The two firms announced the results of two recently completed Phase II clinical trials during the World Conference on Lung Cancer in Seoul, South Korea this week.
Canada-based Biomira has opted for the more challenging approach developing a vaccine while Antisoma stuck to the 'old-fashioned' small molecule way. No cancer vaccine has reached the market so far.
Biomira said three-year survival results from a randomised Phase II study of its Stimuvax vaccine suggest that the drug, combined with chemotherapy, may provide survival benefits to patients with unresectable stage IIIB NSCLC - the most common form of lung cancer - compared to patients receiving chemotherapy alone.
The study, which involved 171 patients, showed that more than twice as many patients were still alive at three years in the group receiving Stimuvax compared to chemotherapy alone (49 per cent vs 27 per cent), representing a 45 per cent reduction in mortality.
Subjects with stage IIIB disease who received Stimuvax in this trial also experienced a 17.3 month difference in median survival compared with patients receiving chemotherapy alone (30.6 months vs. 13.3 months, respectively).
Patients treated with the drug only reported mild to moderate side effects limited to flu-like symptoms, gastro-intestinal disturbances and mild injection-site reactions, said Biomira.
The vaccine was granted fast-track status in September 2004 by the US Food and Drug Administration (FDA) and Merck KGaA has the exclusive worldwide licensing rights from Biomira. Stimuvax is being developed in Europe by the German firm and in the US by its subsidiary, EMD Serono.
Merck has initiated patient recruitment for a Phase III trial, START, which is a multi-centre, randomised, double-blind, placebo-controlled study that will evaluate patients with unresectable stage IIIA or IIIB NSCLC who have had a response or stable disease after at least two cycles of platinum-based chemo-radiotherapy. The study will involve more than 1,300 patients in approximately 30 countries, the company said.
Meanwhile, UK-based Antisoma is playing catch up and has also released positive survival data from a Phase II trial of its ASA404 drug candidate combined with chemotherapy.
This single-arm trial tested an 1800 mg/m2 dose of ASA404 in combination with carboplatin and paclitaxel chemotherapy in 31 patients with NSCLC.
This trial was conducted as an extension to an earlier, randomised study of ASA404 for the same indication.

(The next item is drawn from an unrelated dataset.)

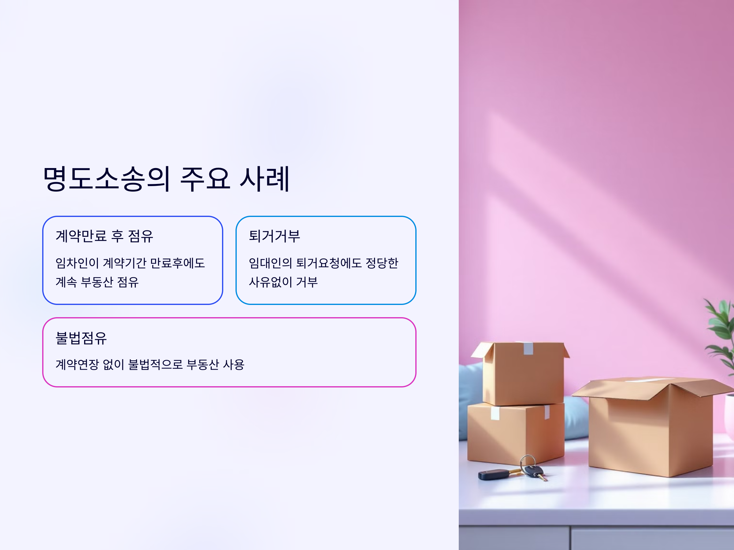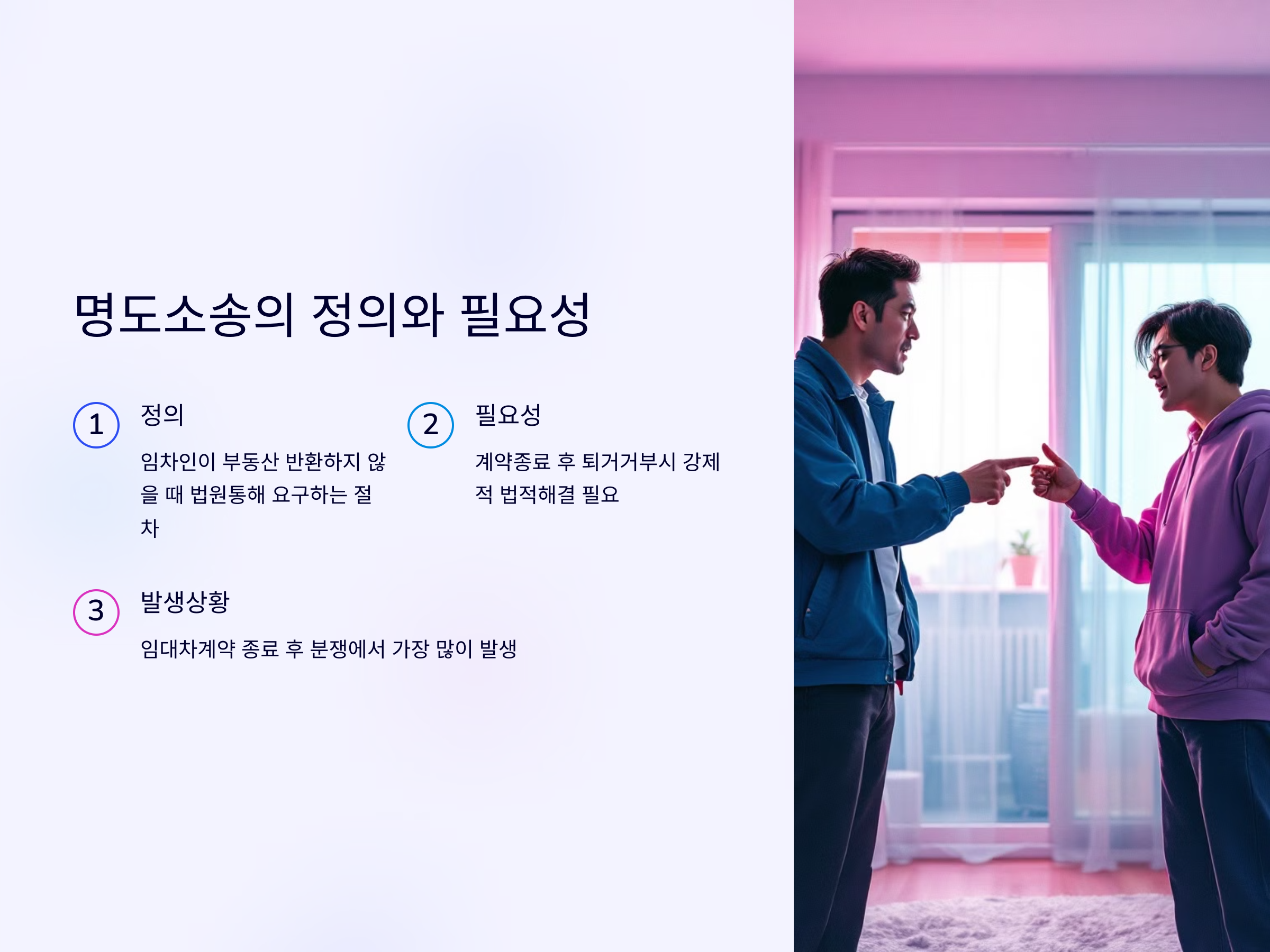 명도소송은 임대인이 계약 기간 만료 후에도 퇴거하지 않는 임차인에게 부동산을 반환받기 위한 강제적인 법적 절차입니다. 이 소송은 단순한 퇴거 요구를 넘어서, 임차인이 계약을 위반하고 부동산을 점유하고 있는 상태를 법적으로 해결하는 데 필요합니다. 명도소송은 일반적으로 임대차 계약이 종료된 후 발생하는 분쟁에서 가장 많이 발생합니다.

The aim was to evaluate the activity and safety of a higher dose of ASA404 than that used in the other phase II trial.
The latest study showed that median survival was 14.9 months while the median time to tumour progression was 5.5 months. Addition of ASA404 to chemotherapy was also well tolerated, the company said.
In the previous trial, patients who received a 1200 mg/m2 dose of ASA404 combined with chemotherapy had a median survival of 14.0 months whereas patients who received chemotherapy alone had a median survival of 8.8 months, a 60 per cent difference. Time to tumour progression was 5.4 months with ASA404 and 4.4 months with chemotherapy alone.
Although results between the latest trial and the previous study cannot directly be compared, the data released this week give "extra corroboration that ASA404 combined with chemotherapy improve patient survival, as both studies involved the same type of patients who were at the same stage of disease", Antisoma spokesperson Daniel Elger told Biopharma-Reporter.com.
Antisoma's partner, Novartis, plans to start enrolment of patients into a phase III trial in early 2008. The Swiss giant drug maker acquired the worldwide rights for the drug in April in a deal worth $890m (€654m).
Under the terms of the agreement, Antisoma has the option to co-market ASA404 in the US, should the drug reach the market, said Elger.
This is a strategic move for Antisoma as it will get the support of Novartis to put a sales force in place in the US with the freedom to use it to later sell its own drugs, added Elger.
According to the World Health Organisation, there are more than 1.2m cases worldwide of lung and bronchial cancer each year and the American Cancer Society (ACS) estimates that around 213,000 people will be diagnosed with lung cancer in the United States during 2007.
The US National Cancer Institute reports NSCLC accounts for more than 80 per cent of all lung cancers.